Example: If the input is ``[1, 3, 4, 2]`` and ``score_range`` is ``[0, 4]``, the function should return ``[3, 1, 0, 2]``.

In [60]:
# YOUR CODE HERE
def invert(data, score_range):
  min,max = score_range
  print(data)
  data = min + max - data
  print(data)

  return data



In [61]:
# run test to check your implementation
data_test = np.array([[1, 3, 4, 1], [2, 4, 1, 1]])
assert np.array_equal(invert(data_test, [0, 5]), np.array([[4, 2, 1, 4], [3, 1, 4, 4]])), "Check your inversion process"

[[1 3 4 1]
 [2 4 1 1]]
[[4 2 1 4]
 [3 1 4 4]]


##### 1.3 Create the function ``calc_score`` that takes the parameter ``data`` and calculates the row-wise sum (the score of one participant is the sum over the individual questions scores):
* ``data``: numpy array containing PSS scores of all participants that need to be summarized
* The function should return a column vector with the row-wise summed-up scores

Example: If the input is ``[[1, 3, 4, 2], [2, 2, 4, 1]]``, the function should return ``[[10], [9]]``.

In [62]:
# YOUR CODE HERE
def calc_score(data):
  row_sums = np.sum(data, axis=1)
  return row_sums.reshape(-1, 1)


In [63]:
# run test to check your implementation
assert np.shape(calc_score(np.array([[1, 3], [2, 4]])))[0] == 2, "Check if you return a row or column vector"
assert np.array_equal(calc_score(np.array([[1, 3], [2, 4]])), np.array([[4], [6]])), "Check if you perform the summation row-wise"

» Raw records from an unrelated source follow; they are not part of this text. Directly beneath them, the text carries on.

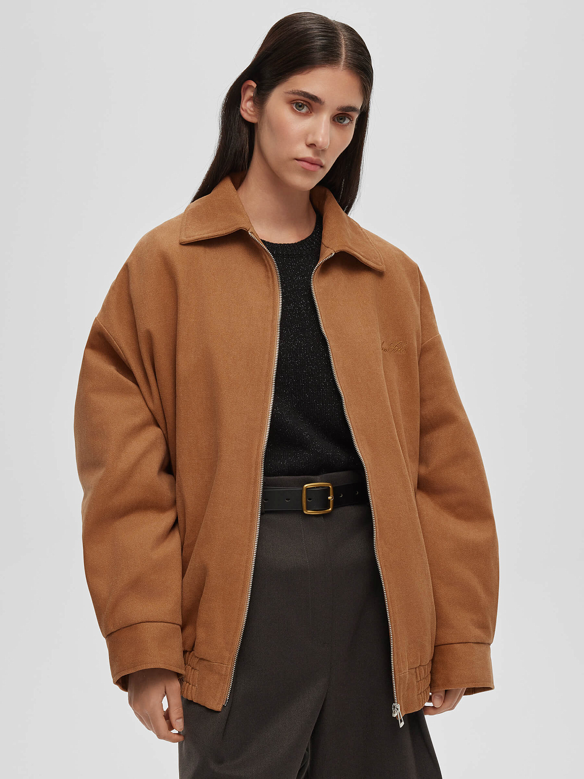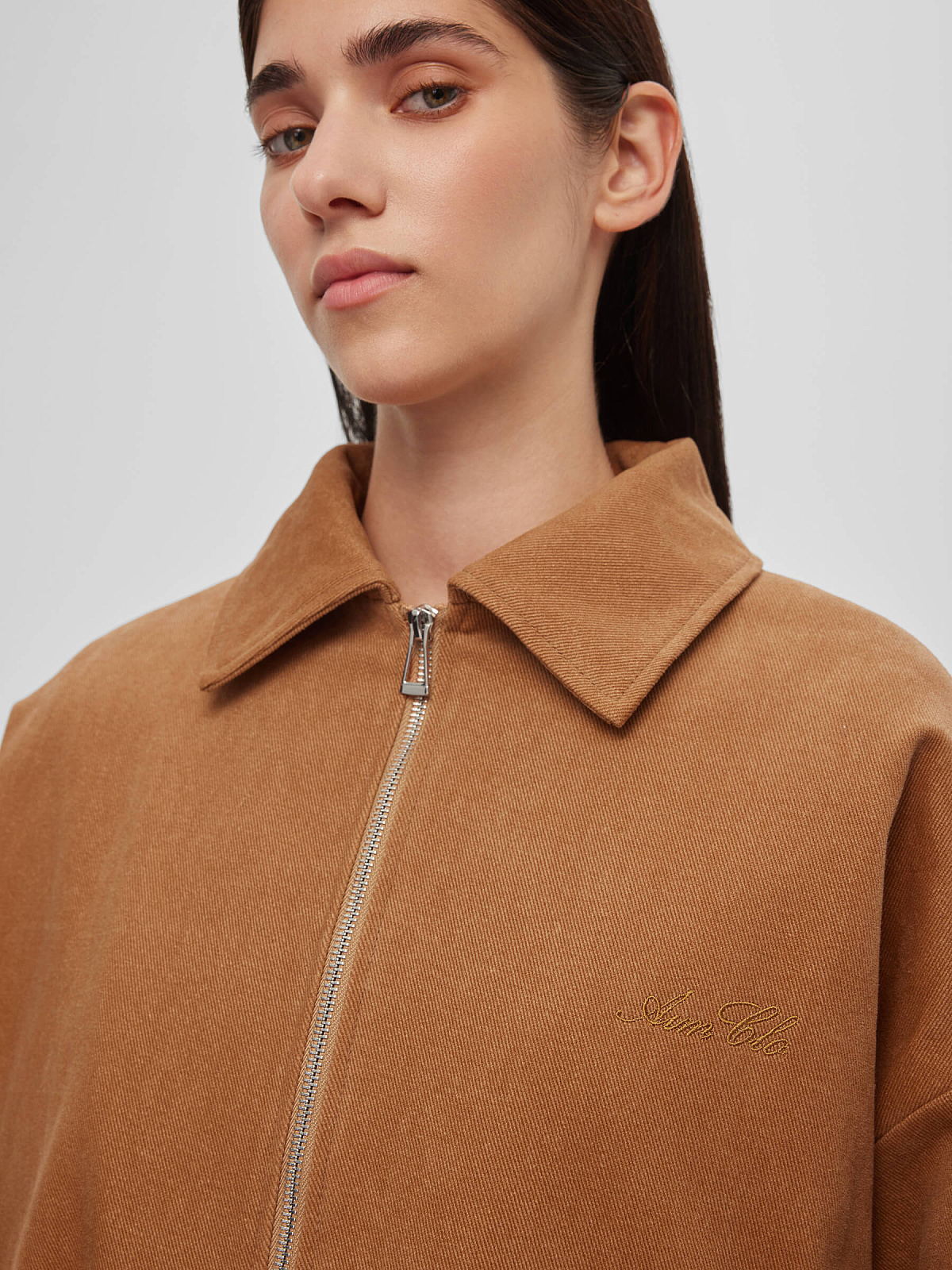 Бомбер утепленный из денима с вышивкой 0207, терракотовый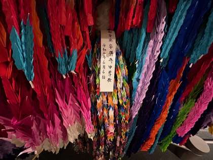 そして、学年みんなで平和への思いを込めて折った千羽鶴を寄贈しました。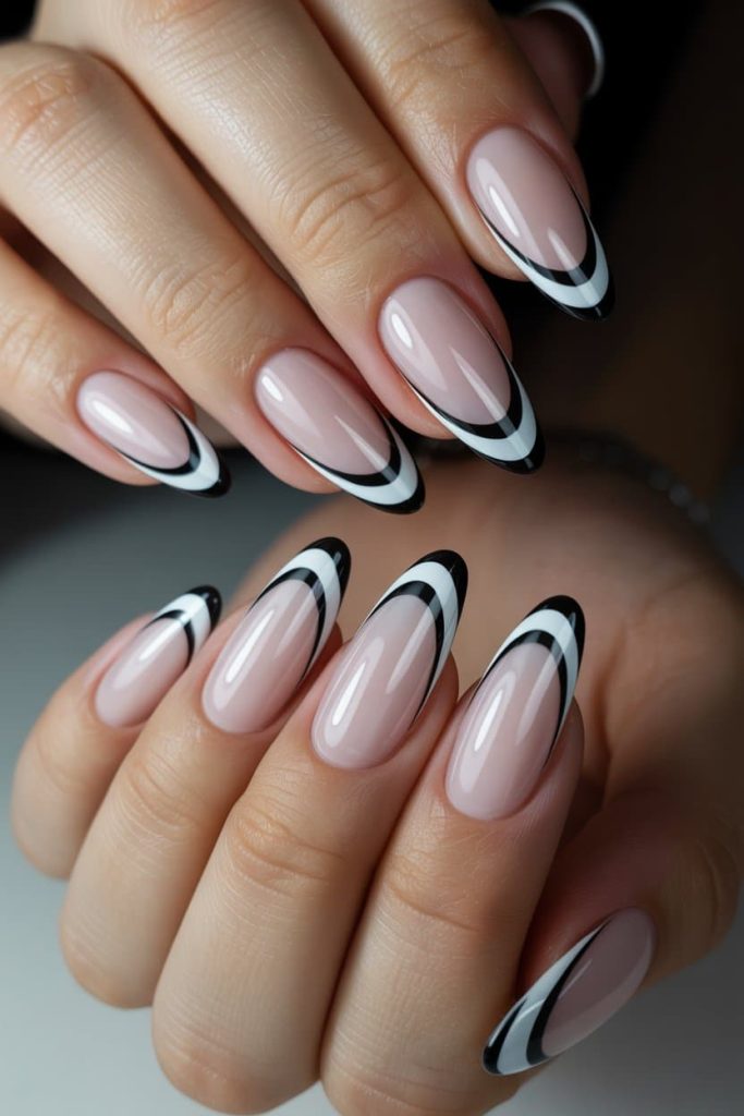These nails are giving “CEO of the Clean Girl Aesthetic… but make it dangerously chic.” The sheer blush base is soft, glossy, and innocent, but that sharp triple-curve French tip in black and white? Baby, that’s where the plot twist hits. It’s elegant, graphic, and just bold enough to make people think you have very expensive taste and even more expensive enemies. The contrast is so crisp it looks photoshopped — the kind of manicure you pair with a structured blazer, a quiet-luxury handbag, and an attitude.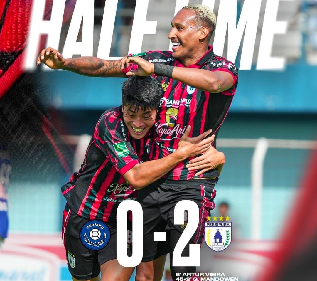 JAYAPURA, TOMEI.ID | Persipura Jayapura tampil perkasa dan membuka jalan menuju puncak klasemen Grup Timur Pegadaian Championship 2025/2026 usai unggul 2-0 atas Persiku Kudus pada babak pertama laga pekan ke-18 di Stadion Wergu Wetan, Kudus, Jawa Tengah, Jumat (30/1/2026).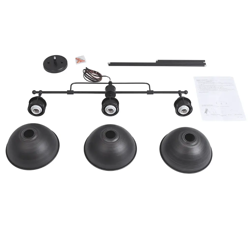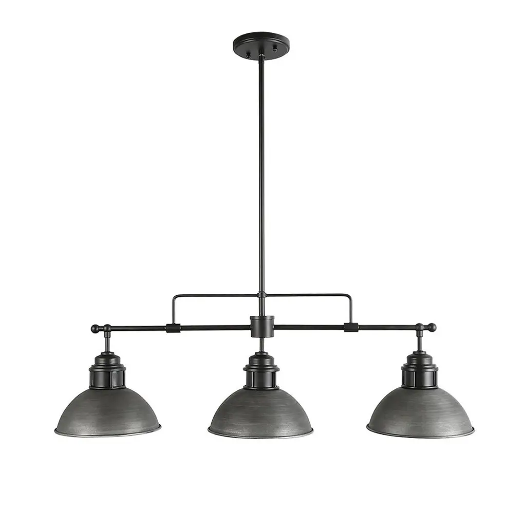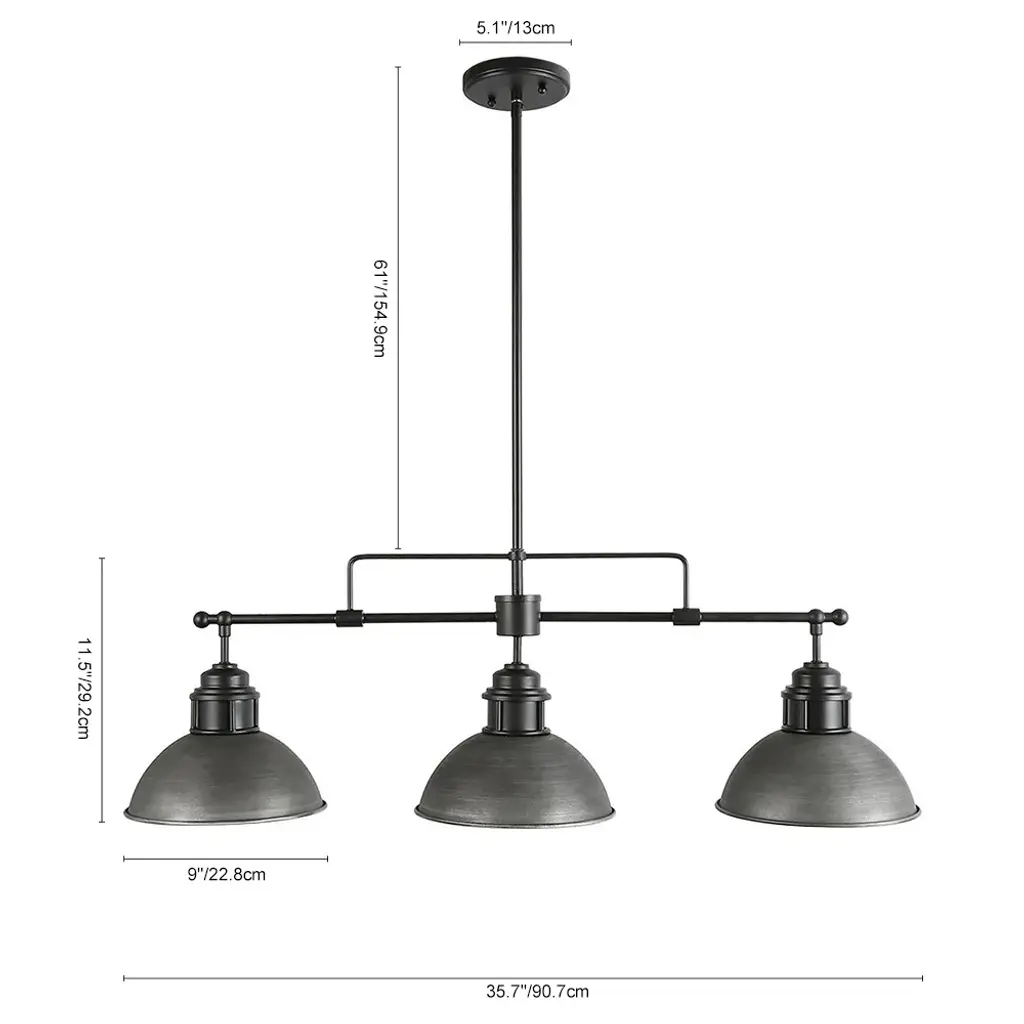 Inspired by factory lighting with wide metal dome shades, this modern industrial linear kitchen island pendant light is full of farmhouse and vintage styles at the same time. This island pendant ceiling light features a sloped-ceiling-compatible canopy, an adjustable hanging rod, and a trio of dome-shaped shades to direct light from compatible bulbs (not included) downward. Features: Product Details: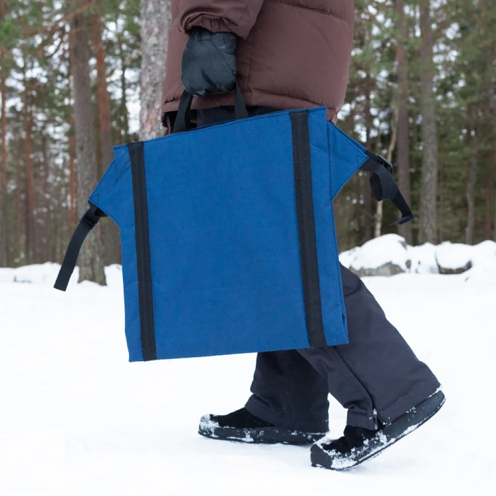 The backrest is very easy to use. You unfold the backrest, sit on the seat pad and then adjust the angle of the backrest with the straps until you’re sitting comfortably. The navy blue 600D polyester fabric protects your bottom from damp and cold surfaces and the backrest is held in place by your own weight.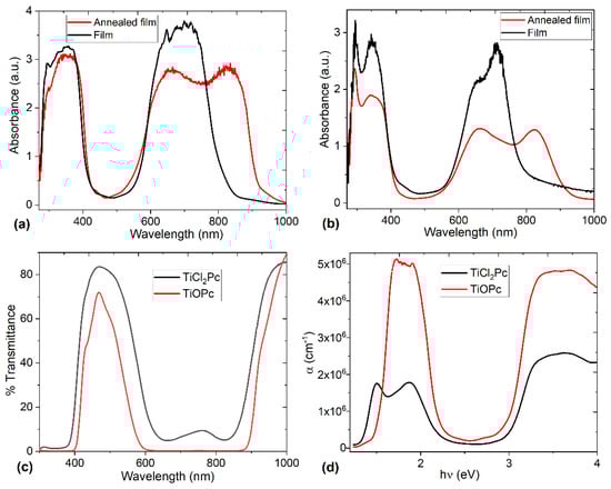 Absorbance spectra of (a) TiOPc and (b) TiCl2Pc films before and after annealing. (c) Transmittance and (d) absorption coefficient of TiOPc and TiCl2Pc films after annealing.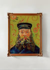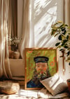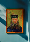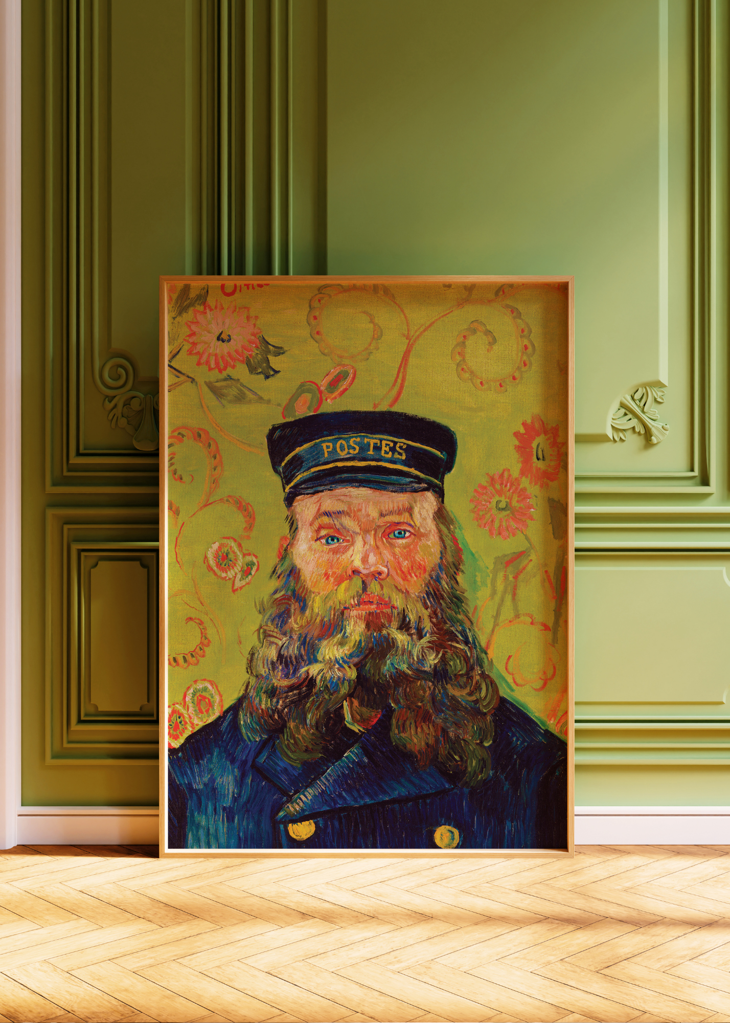 This is a man who carries messages and connections, a bridge between worlds both near and far. His face, lined with experience, holds stories untold—of days spent under open skies, of roads traveled, of human kindness delivered in letters and parcels. The intensity of Van Gogh’s colors and impassioned strokes reveal a soul both grounded and restless, steadfast yet deeply feeling.

##### 1.4 Create a function called ``calc_pss`` that takes ``data``, ``score_range``, and ``subscales`` as parameters and calculates the scores for *Perceived Helplessness*, *Perceived Self-Efficacy*, and the Total Score for all the participants.
* ``data``: numpy array containing the ten individual PSS scores of all participants
* ``score_range``: list in the format [min_value, max_value] (inclusive endpoints, given in cell below)
* ``subscales``: dictionary containing the lists of column indices belonging to *Helplessness* and *Self-Efficacy* (given in cell below)
* Check if all the values of ``data`` are within ``score_range`` using ``check_score_range``. If yes. continue, otherwise return ``None``
* Calculate the scores for *Perceived Helplessness* and *Perceived Self-Efficacy* separately using ``calc_score`` (Do not forget to ``invert`` the *Self-Efficacy* scores first)
* Calculate the Total Score from both scores using ``calc_score``.
* The function should return an array with three columns (0: *Perceived Helplessness* score, 1: *Perceived Self-Efficacy* score, 2: Total Score)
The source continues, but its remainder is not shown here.